By the end of January 2026, gold and silver were hitting record highs globally. Investors believed that ongoing global uncertainty, inflation concerns, and geopolitical tensions would continue pushing precious metals higher.
However, as February 2026 began, market sentiment suddenly shifted. Around 1 February 2026, sharp corrections were seen in commodity markets. Gold and silver prices dropped significantly from their peaks, and crude oil prices also weakened.
This sudden decline surprised many investors because markets looked extremely strong just days earlier.
In reality, this fall was not caused by a single event. It resulted from a combination of factors including profit booking, shifts in investor sentiment, technical breakdowns, movements in the US Dollar Index (DXY), and changes in supply-demand expectations.
Let’s understand the situation with data and comparisons so readers can clearly see what changed.
Where Do Markets Stand Now?
Gold Prices – India
| Period | Price (₹ per 10g, 24K) |
| January 2026 Peak | ~₹1,80,000 |
| Around 1 Feb 2026 | ~₹1,36,000–₹1,48,000 |
Gold corrected roughly 18–24% from its record highs.
Silver Prices – India
| Period | Price (₹ per kg) |
| January Peak | ~₹4,20,000+ |
| Around 1 Feb 2026 | ~₹2,65,000–₹2,74,000 |
Silver saw a much sharper correction of 35–40%, which is common since silver is usually more volatile than gold.
Crude Oil Prices
Global crude oil prices declined by approximately 3–5% during the same period.

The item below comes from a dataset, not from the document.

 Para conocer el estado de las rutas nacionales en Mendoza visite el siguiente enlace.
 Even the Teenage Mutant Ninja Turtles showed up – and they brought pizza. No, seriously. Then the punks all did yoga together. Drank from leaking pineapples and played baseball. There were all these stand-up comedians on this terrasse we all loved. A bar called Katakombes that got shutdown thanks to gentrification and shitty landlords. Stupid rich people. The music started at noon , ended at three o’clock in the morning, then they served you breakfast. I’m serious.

The fall was smaller than precious metals but still noticeable.
January Rally vs February Correction
| Asset | January Trend | Early February Trend | Change |
| Gold | Record rally | Correction started | Downtrend |
| Silver | Strong rally | Sharp fall | High volatility |
| Crude Oil | Stable/firm | Weakness | Demand concerns |
| Dollar Index (DXY) | Stable to firm | Strengthening | Pressure on commodities |
Main Reasons Behind the Decline
1. Heavy Profit Booking
After record price rallies, large investors typically lock in profits.
Institutional investors and hedge funds started selling gold and especially silver after prices reached extreme levels, triggering a strong correction.

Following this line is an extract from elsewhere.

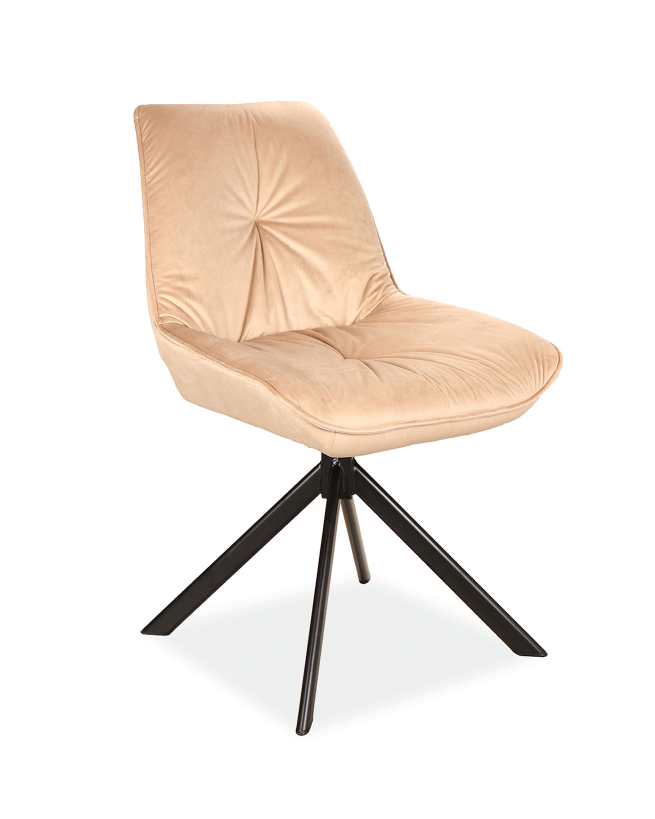 Křeslo je čalouněno kvalitní látkou Bluvel 28 - krémová. Nohy židle jsou kovové, v černé barvě.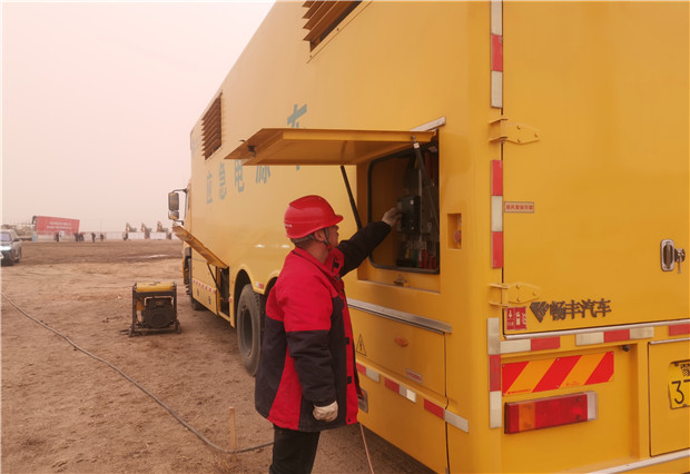 開工儀式當天沙塵天氣持續(xù),揚沙隨風彌漫,突擊隊的保電人員不辭辛苦一大早便提前進入會場。將發(fā)電車??吭谇捌诓榭钡闹付ㄎ恢茫龊冒踩O(jiān)護相關的工作之后,啟動車輛試運行,檢查了各項儀表數據,并做好與用戶側供電設備的對接,全力以赴投入保電工作。該分局領導帶領保電人員全程守候在現場,隨時應對突發(fā)停電事故的發(fā)生,確保了開工儀式用電萬無一失。

2. Impact of the US Dollar Index (DXY) — One Factor, Not the Only One
Gold, silver, and oil are globally priced in US dollars.

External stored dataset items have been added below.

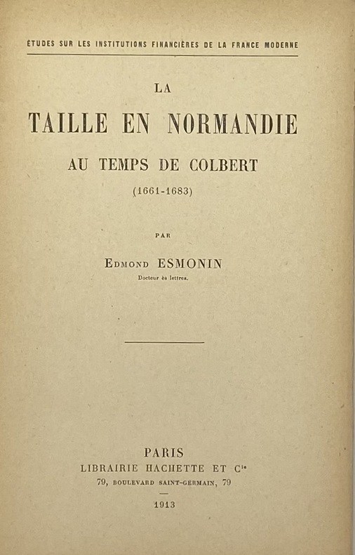 Le brevet de la taille, les exempts (les nobles, la recherche de la noblesse, etc.), les taillables, la perception, etc. L'étude permet de bien comprendre le mécanisme de l'impôt et sa répercussion sur la vie des contribuables et sur la marche du gouvernement. Très bel ex. en parfaite condition. - Frais de port : -France 6,9 € -U.E. 11 € -Monde (z B : 18 €) (z C : 31 €)
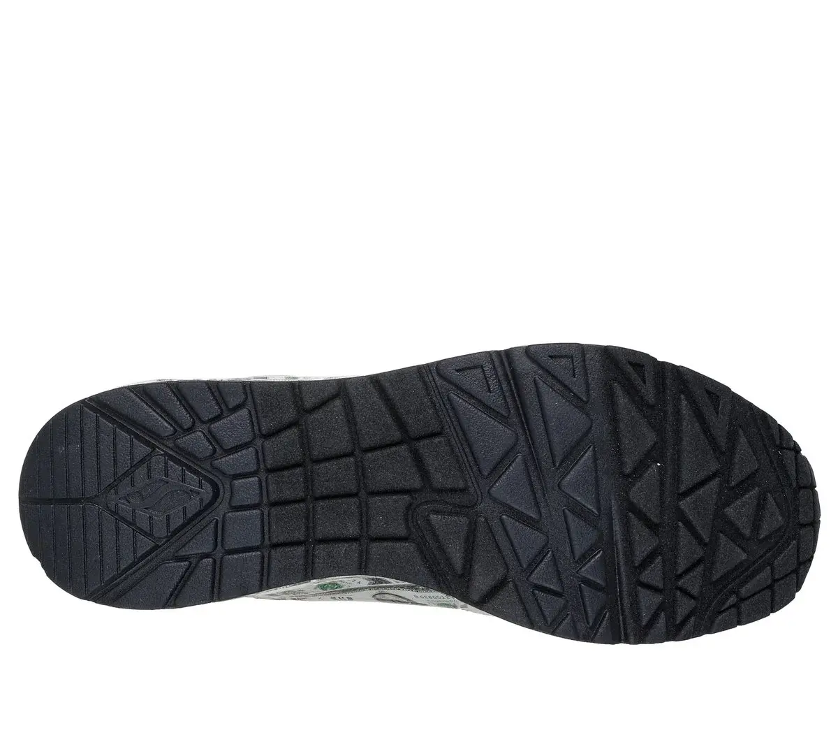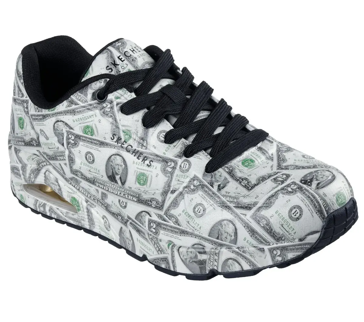 Fühlen Sie sich mit jedem Schritt wie eine Million Dollar im Skechers Street™ Uno – Raining Money. Dieser modische Schnürsneaker hat ein Obermaterial aus Duraleder mit einem Allover-2-Dollar-Schein-Print, eine durchsichtige Skech-Air®-Airbag-Zwischensohle und eine Skechers Air-Cooled Memory Foam®-Einlegesohle für perfekten Tragekomfort.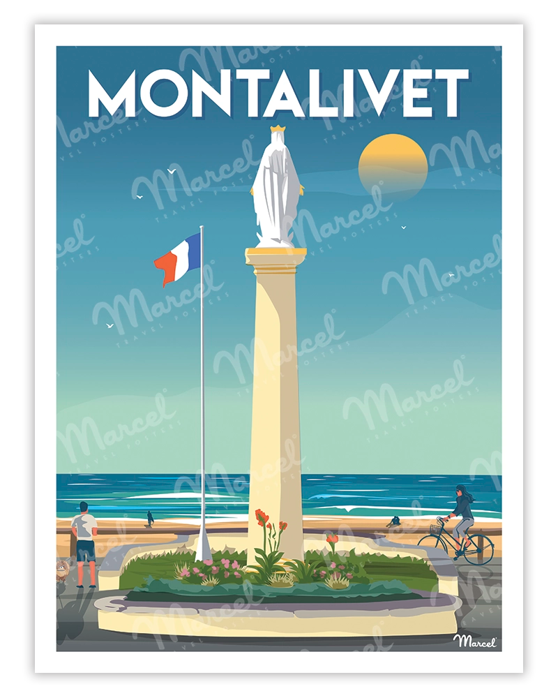 Rediscover the spirit of Montalivet , with its endless beaches, magnificent landscapes and serene atmosphere. This illustration, in a retro style, brings a touch of nostalgia while remaining resolutely modern, perfect for recalling memories of your vacation in the Médoc.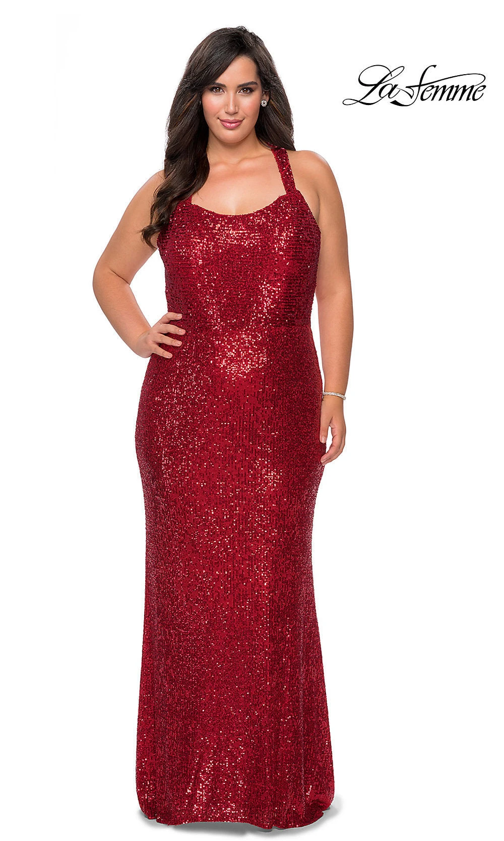 Simply spectacular, this long sequin plus-size prom dress is ready to wow the crowd on your big night. From the designers at La Femme, this dazzling long plus-size sequin evening gown is a radiant choice for prom, a military ball, or another formal event. With a slight scoop neckline, this gorgeous plus formal dress includes bra-friendly shoulder straps that criss cross before attaching in the back. The curve-hugging plus-size designer dress smooths over the hips before flaring gently around the knees and draping to the floor. An impressive style for your memorable evening, this long sequin plus-size prom dress by La Femme is as radiant as it is figure flattering.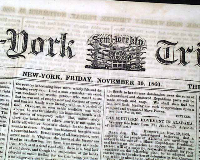 NEW YORK SEMI-WEEKLY TRIBUNE, Nov. 30, 1860  The top of the front page has: "The Secession Movement" "Buchanan And Secession" and more. Page 2 has: "Slavery as an Element in Our Politics" "The Strength of Secession" and "Secession as a Right".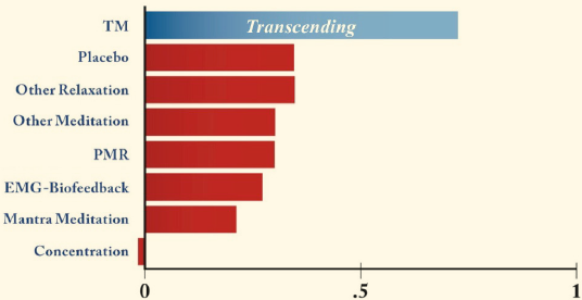 La investigación científica muestra que el programa de Meditación Trascendental es dos veces más eficaz que otras técnicas de relajación o reducción del estrés para reducir la presión arterial y la ansiedad, aumentar la relajación física, mejorar el funcionamiento mental y disminuir el consumo de cigarrillos, alcohol y drogas.

When the dollar strengthens:
- Commodities become more expensive for other countries,
- Demand slows,
- Prices face downward pressure.
Recently, DXY showed strength, which added pressure to commodity prices. However, this was only one factor among many driving the decline.
3. Forced Selling in Futures Markets
Many traders use leverage in futures trading. When prices drop:
- Traders must add margin money,
- Or they are forced to exit positions.
This forced liquidation accelerates price declines.
4. Technical Breakdown on Charts
Once key support levels break:
- Algorithmic systems trigger selling,
- Stop-loss orders activate,
- Selling pressure intensifies.
Silver saw particularly strong technical selling.
5. ETF Outflows and Institutional Selling
When investors withdraw funds from gold and silver ETFs, the funds sell physical holdings, which adds selling pressure to the market.
Why Did Crude Oil Prices Fall?
1. Reduced Supply Fear: Some geopolitical tensions eased, reducing fears of supply disruption.
2. Demand Concerns: Growth concerns in major economies raised fears that oil demand may weaken.
3. Broad Commodity Selling: When investors reduce risk exposure, they often sell commodities broadly, including oil.
What Does This Mean for Investors?
Short-Term Outlook
- Markets may remain volatile.
- After sharp falls, prices may stabilize or see small recoveries.
Long-Term Perspective
- Gold still remains a safe-haven asset.
- However, prices do not rise continuously; corrections are natural.
What Could Happen Next?
Three possible scenarios exist:
- Prices may consolidate for some time.
- Further downside if the dollar strengthens more.
- Renewed rally if global uncertainty rises again.
Markets Took a Sharp Turn
The fall in gold, silver, and crude oil prices was not driven by one event but by a combination of:
- Profit booking,
- Dollar strength,
- Technical selling,
- Investor psychology,
- Supply-demand adjustments.
Markets are currently moving from extreme optimism toward balance, and clearer trends may emerge in the coming weeks.